### MATERIAL PROVIDED

----------------

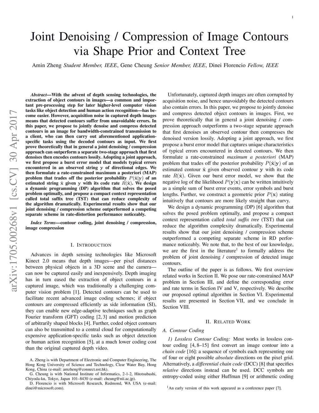 With the advent of depth sensing technologies, the extraction of object contours in images---a common and important pre-processing step for later higher-level computer vision tasks like object detection and human action recognition---has become easier. However, acquisition noise in captured depth images means that detected contours suffer from unavoidable errors. In this paper, we propose to jointly denoise and compress detected contours in an image for bandwidth-constrained transmission to a client, who can then carry out aforementioned application-specific tasks using the decoded contours as input. We first prove theoretically that in general a joint denoising / compression approach can outperform a separate two-stage approach that first denoises then encodes contours lossily. Adopting a joint approach, we first propose a burst error model that models typical errors encountered in an observed string y of directional edges. We then formulate a rate-constrained maximum a posteriori (MAP) problem that trades off the posterior probability p(x'|y) of an estimated string x' given y with its code rate R(x'). We design a dynamic programming (DP) algorithm that solves the posed problem optimally, and propose a compact context representation called total suffix tree (TST) that can reduce complexity of the algorithm dramatically. Experimental results show that our joint denoising / compression scheme outperformed a competing separate scheme in rate-distortion performance noticeably.
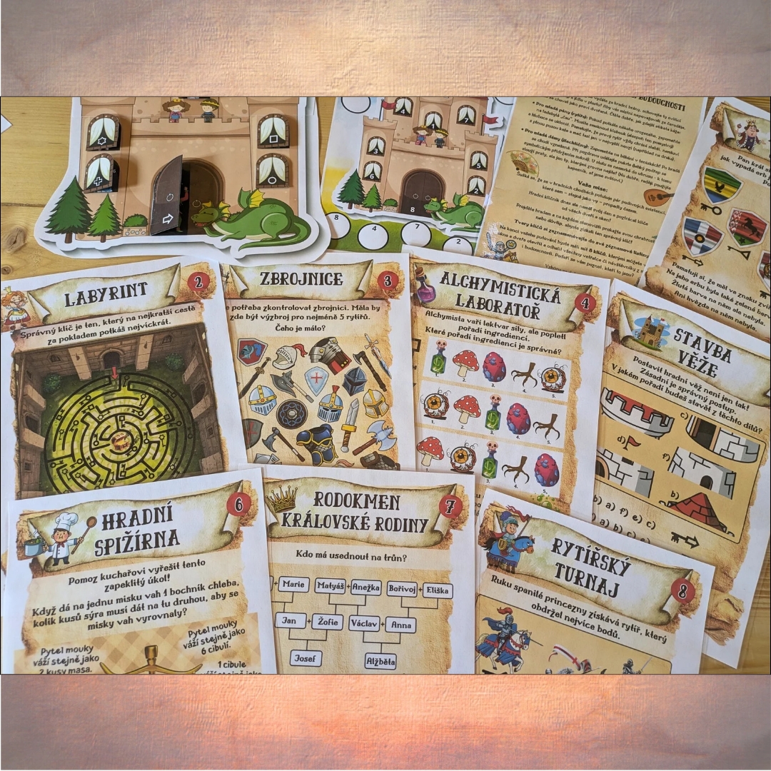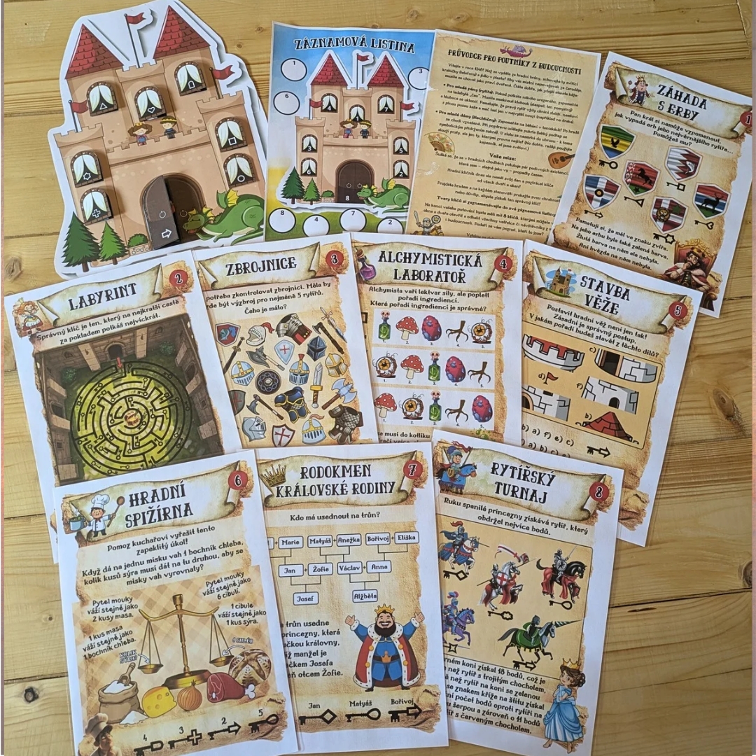 📜 Děti vyřeší záhadu s erby, pokusí se nezabloudit v labyrintu, udělají pořádek ve zbrojnici, navštíví také alchymistickou laboratoř, postaví hradní věž, pomůžou kuchaři vyřešit zapeklitý úkol v hradní spižírně, potrápí hlavičky nad rodokmenem královské rodiny a rozhodnou výsledky rytířského turnaje. To vše ovšem až po lekci středověké etikety! 👑🪭
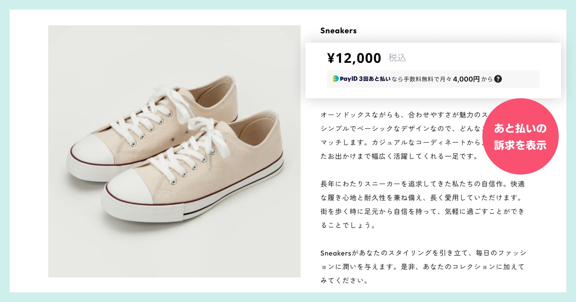 ・審査を通過されたショップは、商品ページ内に「Pay ID 3回あと払い」の利用案内バナーが表示されます。

----------------

### WHAT YOU SHOULD DO
All lines from the one that contains "středověké etikety! 👑🪭" through the last line of the data should be retyped exactly, with the pictures left out.

### ANSWER BOX
 📜 Děti vyřeší záhadu s erby, pokusí se nezabloudit v labyrintu, udělají pořádek ve zbrojnici, navštíví také alchymistickou laboratoř, postaví hradní věž, pomůžou kuchaři vyřešit zapeklitý úkol v hradní spižírně, potrápí hlavičky nad rodokmenem královské rodiny a rozhodnou výsledky rytířského turnaje. To vše ovšem až po lekci středověké etikety! 👑🪭
 ・審査を通過されたショップは、商品ページ内に「Pay ID 3回あと払い」の利用案内バナーが表示されます。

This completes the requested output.